A Federal Reserve interest rate hike could happen in September, but only if the labor market sees a sharp bounce back this summer, said Rob Martin, senior U.S. economist at Barclays, on Thursday.
"If we see a rebound in employment, if we get 150,000 [new jobs] per month, I think that they're ready to go, and I think they go in September," Martin told CNBC's "."
The June jobs report is due Friday, with economists polled by Reuters expecting a gain of 175,000. The May jobs report handily disappointed market makers and economists, with just 38,000 jobs created, leading the market to further price out Fed tightening.
According to the CME Group's FedWatch tool, market expectations for a rate hike are just 26.6 percent in June 2017.
"I think what's really going on with the Fed is they got slammed by the [May] employment number, just like the rest of us did," Martin said. "And it came with revisions that gave us a downward trajectory. That's the kind of signal from labor markets that signals recession, so they're very concerned about that right now."
Christopher Bennett, senior analyst at S&P Dow Jones Indices, echoed Martin's remarks.
"We would need relatively gangbusters data to see things that would sort of drive that movement one way or the other. The market has basically priced it out, in terms of a rate movement," he said in the same interview.

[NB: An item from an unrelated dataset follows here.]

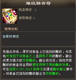 2014年9月1日更新维护后,玩家可以通过洛阳(318,315)雕纹大师张降龙,使用一张雕纹融合符,将已蚀刻于装备上的雕纹,与另一个可蚀刻于该装备且颜色不同的雕纹进行融合,进化成为双极雕纹。
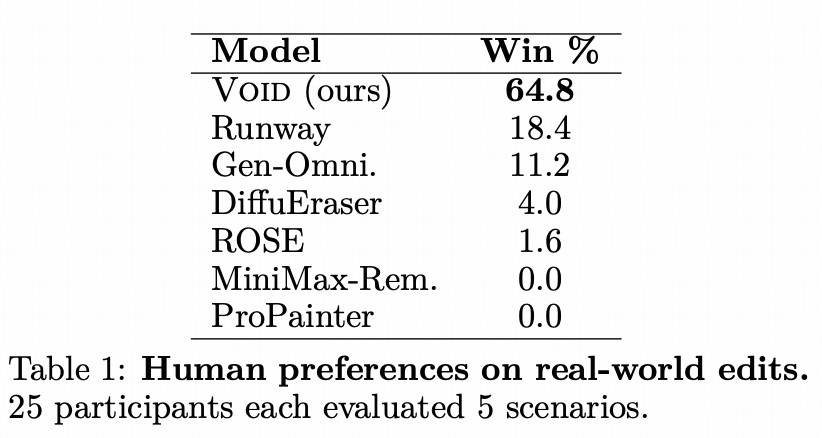 人类偏好研究:25名参与者各评估5个场景,从7个模型的输出中选择最佳结果。结果显示,VOID以64.8%的胜率取得了SOTA结果,即使Runway额外接受了描述预期场景变化的文本指令。

Friday's jobs report may also shed light into the fundamental state of the labor market, said Mike Ryan, chief investment strategist at UBS Wealth Management, in a Thursday "Squawk Box" interview.
"The last employment report we had ... was pretty crappy," he said. "The question is whether it's a one-off ... or is this the beginning of a rolling-over labor market. That's critical because the one thing that's been a solid point of this economic expansion has been job growth."